Language Models Need Inductive Biases to Count Inductively

Counting is a fundamental example of generalization, whether viewed through the mathematical lens of Peano's axioms defining the natural numbers or the cognitive science literature for children learning to count. The argument holds for both cases that learning to count means learning to count infinitely. While few papers have tried to distill transformer "reasoning" to the simplest case of counting, investigating length generalization does occur throughout the literature. In the "train short, test long" paradigm of NLP, length refers to the training sentence length. In formal language recognition, length refers to the input sequence length, or the maximum stack size induced by a pushdown automata. In general problem solving, length refers to the number of hops in a deductive reasoning chain or the recursion depth. For all cases, counting is central to task success. And crucially, generalizing counting inductively is central to success on OOD instances. This work provides extensive empirical results on training language models to count. We experiment with architectures ranging from RNNs, Transformers, State-Space Models and RWKV. We present carefully-designed task formats, auxiliary tasks and positional embeddings to avoid limitations in generalization with OOD-position and OOD-vocabulary.

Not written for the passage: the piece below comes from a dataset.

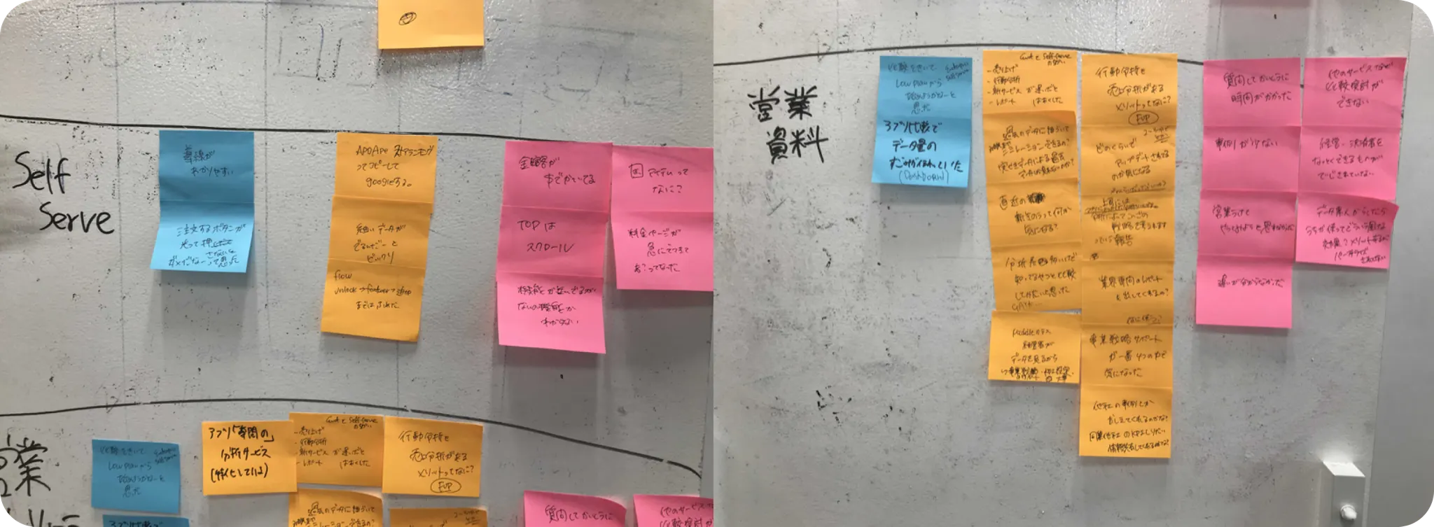 ๊ณ ๊ฐ ์„ธ๊ทธ๋จผํŠธ๋ณ„๋กœ ๋‚˜๋ˆ ์„œ 4๋ช…์—๊ฒŒ ์œ ์ € ์ธํ„ฐ๋ทฐ ์‹ค์‹œ. ๊ฐ ์ธํ„ฐ๋ทฐ์—์„œ ๋‚˜์˜จ ํ”ผ๋“œ๋ฐฑ์„ ์นดํ…Œ๊ณ ๋ฆฌ๋ณ„๋กœ ์ •๋ฆฌํ•˜์—ฌ ๊ฐœ๋ฐœ ๋ฐฉํ–ฅ์„ฑ ๋ฐ ์—…๋ฌด ์šฐ์„ ์ˆœ์œ„ ์„ค์ •. Self-Service ๊ณต๊ฐœ๊นŒ์ง€ ์ž‘์—… ์˜ˆ์ •์ด์—ˆ๋˜ ๋ถ€๋ถ„์— ๋Œ€ํ•œ ํ”ผ๋“œ๋ฐฑ์ด ๋งŽ์•˜๊ธฐ์— ํ•ด๋‹น ๋ถ€๋ถ„์€ ๊ทธ๋Œ€๋กœ ์ง„ํ–‰. ์ƒˆ๋กญ๊ฒŒ ์•Œ๊ฒŒ๋œ ๋ถ€๋ถ„์€ ์šฐ์„ ์ˆœ์œ„๋ฅผ ์ •ํ•ด์„œ ๋ฆด๋ฆฌ์Šค ์ „ใƒปํ›„๋กœ ๊ฐœ์„ ํ•  ์ˆ˜ ์žˆ๋„๋ก Backlog ์ž‘์„ฑ.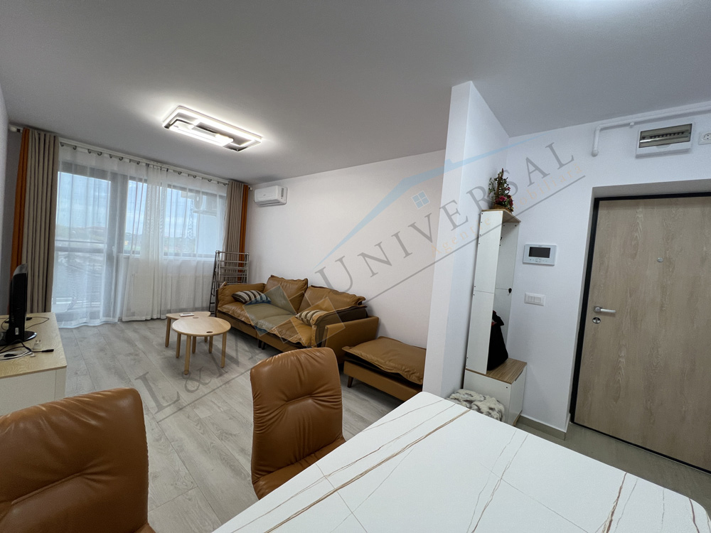 Apartamentul beneficiaza de finisaje de calitate, pardoseli placate cu gresie in baie si bucatarie, pardoseli placate cu parchet in living, dormitor si hol, tamplarie pvc cu geam termopan, placi ceramice intre blatul de lucru si dulapul superior in bucatarie, pereti placati cu placi ceramice in baie, usi interior lemn, usa metalica la intrarea in apartament, un aparat de aer conditionat.

We find that while traditional RNNs trivially achieve inductive counting, Transformers have to rely on positional embeddings to count out-of-domain. As counting is the basis for many arguments concerning the expressivity of Transformers, our finding calls for the community to reexamine the application scope of primitive functions defined in formal characterizations. Finally, modern RNNs also largely underperform traditional RNNs in generalizing counting inductively. We discuss how design choices that enable parallelized training of modern RNNs cause them to lose merits of a recurrent nature.

翻译：计数是泛化的基本示例，无论从定义自然数的皮亚诺公理数学视角，还是从儿童学习计数的认知科学文献视角来看皆是如此。两种观点都认为：学习计数意味着学习无限计数。尽管鲜有论文尝试将Transformer的"推理"能力提炼至最简单的计数场景，但针对长度泛化的研究在文献中始终存在。在自然语言处理的"短序列训练、长序列测试"范式中，长度指训练句子的长度；在形式语言识别中，长度指输入序列长度或下推自动机诱导的最大栈容量；在通用问题求解中，长度则指演绎推理链的跳数或递归深度。在所有场景中，计数都是任务成功的核心要素。而关键在于，实现归纳计数泛化是处理分布外实例成功的关键。本研究提供了训练语言模型进行计数的广泛实证结果，实验架构涵盖RNN、Transformer、状态空间模型和RWKV。我们设计了精细的任务格式、辅助任务与位置编码，以规避分布外位置和分布外词汇的泛化局限。研究发现：传统RNN能轻易实现归纳计数，而Transformer必须依赖位置编码才能处理分布外计数。鉴于计数是论证Transformer表达能力的基础，我们的发现呼吁学界重新审视形式化表征中原始函数的适用范围。最后，现代RNN在归纳计数泛化方面也显著逊色于传统RNN。我们论证了现代RNN为支持并行训练所作的设计选择，如何导致其丧失了循环架构的本质优势。